━━━━━ MATERIAL PROVIDED ━━━━━
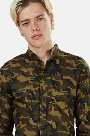 The new Mandarin with shortened 1.5" collar can be worn in the style of Dries Van Noten buttoned up for an edgy dress up look or sized up and worn over a tee for an overshirt styling with raw denim. - Color: Camo - Fabric: 100% Cotton - Made in NYC - Dry Clean Only * Model is 6'1" wearing a size M Productcode BCM-51 Designer BLUE&CREAM
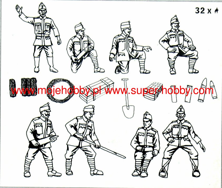 Артиллерия Дунайской монархии, т.е. Австро-Венгрии, к началу Первой мировой войны в августе 1914 г. насчитывала всего около 2900-3000 орудий, включая крепостную артиллерию. Большая его часть предназначалась для пехотных и кавалерийских частей, особенно дивизионного и корпусного уровня. Пехотная дивизия состояла из одного артиллерийского дивизиона в составе одного 77-мм артиллерийского полка, состоящего из 5 батарей, и одного 104-мм гаубичного эскадрона, состоящего из 2-х батарей. В свою очередь, в кавалерийской дивизии артиллерийские части были явно слабее и состояли из одного конно-артиллерийского подразделения. Стоит отметить, что тяжелая артиллерия в австро-венгерской армии подчинялась непосредственно высшему командованию и включала 305- и 240-мм минометы, 150-мм гаубицы и 120-мм пушки. К этому следует добавить еще крепостную артиллерию, которая насчитывала около 280 орудий. Стоит добавить, что артиллеристы австро-венгерской армии были - как и почти в каждой европейской армии того времени - солдатами основной службы, длившейся 2 года, а со временем - еще и резервистами. В целом, несмотря на предпринятые до 1914 года усилия, артиллерия ЦК Армии, хотя и трудно считать ее полностью устаревшей, отличалась от немецких образцов.
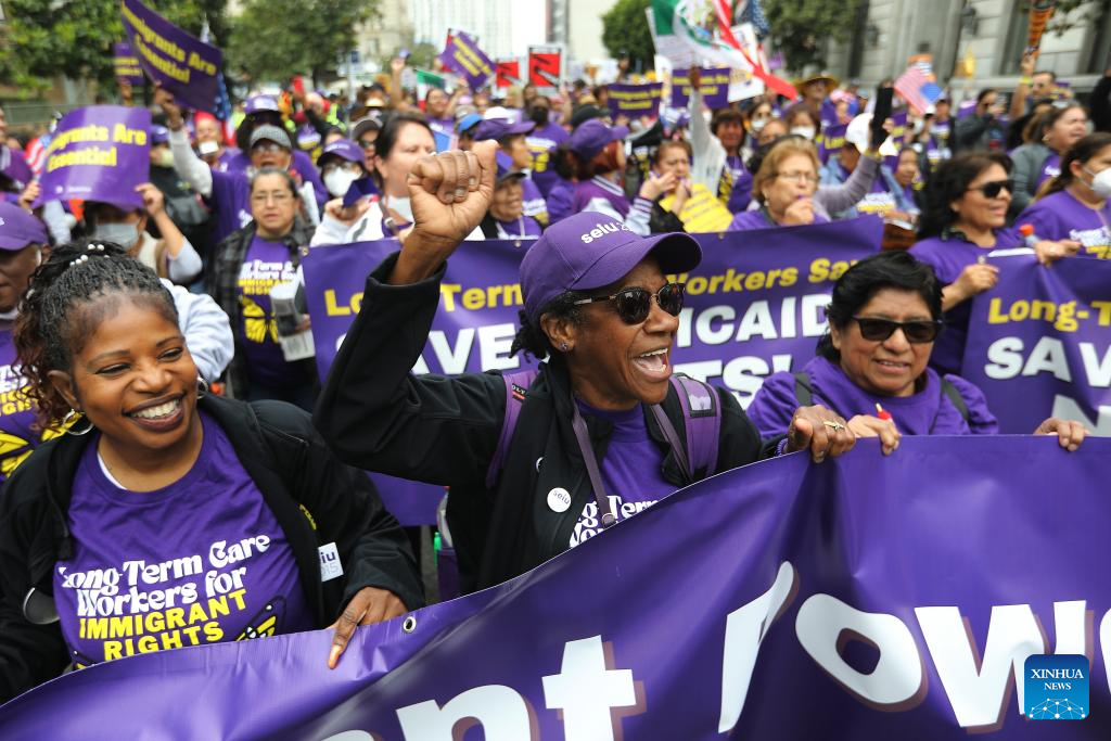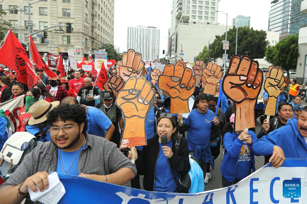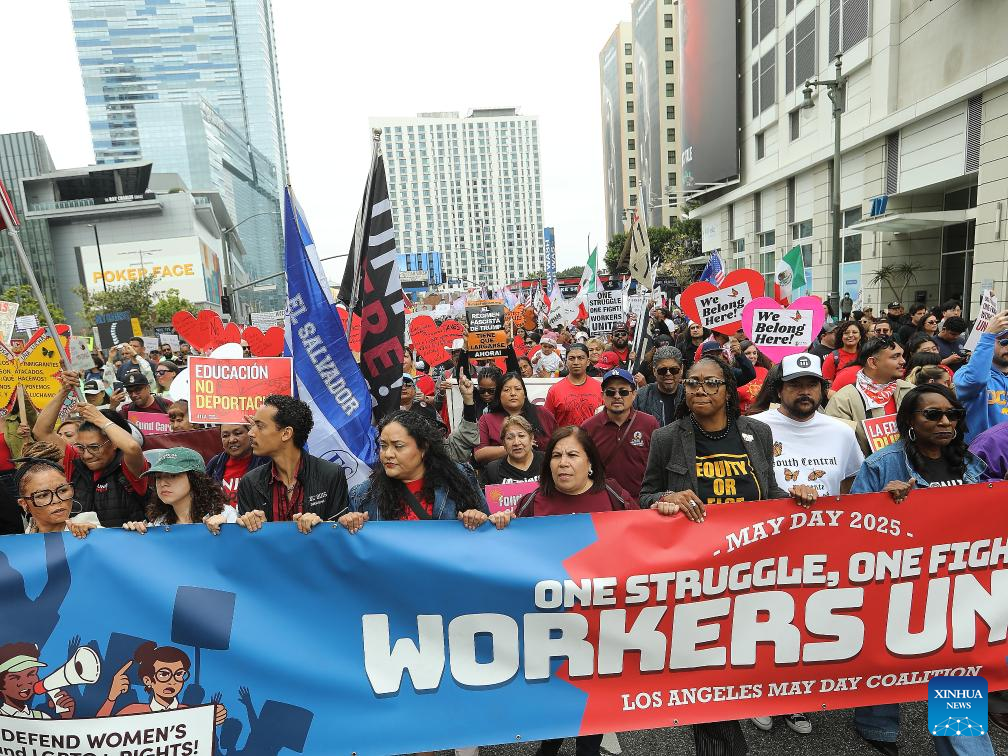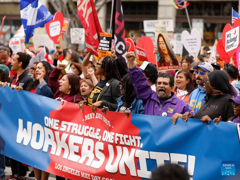 LOS ANGELES, May 1 (Xinhua) -- Thousands of people gathered in downtown Los Angeles, U.S. state of California, on Thursday for International Workers' Day rallies and marches, organized by the Los Angeles May Day Coalition, to advocate for workers' and immigrants' rights.
━━━━━
TO DO
Transcribe all the data word for word; the images stay out.

RESPONSE TO THIS EXERCISE
 The new Mandarin with shortened 1.5" collar can be worn in the style of Dries Van Noten buttoned up for an edgy dress up look or sized up and worn over a tee for an overshirt styling with raw denim. - Color: Camo - Fabric: 100% Cotton - Made in NYC - Dry Clean Only * Model is 6'1" wearing a size M Productcode BCM-51 Designer BLUE&CREAM
 Артиллерия Дунайской монархии, т.е. Австро-Венгрии, к началу Первой мировой войны в августе 1914 г. насчитывала всего около 2900-3000 орудий, включая крепостную артиллерию. Большая его часть предназначалась для пехотных и кавалерийских частей, особенно дивизионного и корпусного уровня. Пехотная дивизия состояла из одного артиллерийского дивизиона в составе одного 77-мм артиллерийского полка, состоящего из 5 батарей, и одного 104-мм гаубичного эскадрона, состоящего из 2-х батарей. В свою очередь, в кавалерийской дивизии артиллерийские части были явно слабее и состояли из одного конно-артиллерийского подразделения. Стоит отметить, что тяжелая артиллерия в австро-венгерской армии подчинялась непосредственно высшему командованию и включала 305- и 240-мм минометы, 150-мм гаубицы и 120-мм пушки. К этому следует добавить еще крепостную артиллерию, которая насчитывала около 280 орудий. Стоит добавить, что артиллеристы австро-венгерской армии были - как и почти в каждой европейской армии того времени - солдатами основной службы, длившейся 2 года, а со временем - еще и резервистами. В целом, несмотря на предпринятые до 1914 года усилия, артиллерия ЦК Армии, хотя и трудно считать ее полностью устаревшей, отличалась от немецких образцов.
 LOS ANGELES, May 1 (Xinhua) -- Thousands of people gathered in downtown Los Angeles, U.S. state of California, on Thursday for International Workers' Day rallies and marches, organized by the Los Angeles May Day Coalition, to advocate for workers' and immigrants' rights.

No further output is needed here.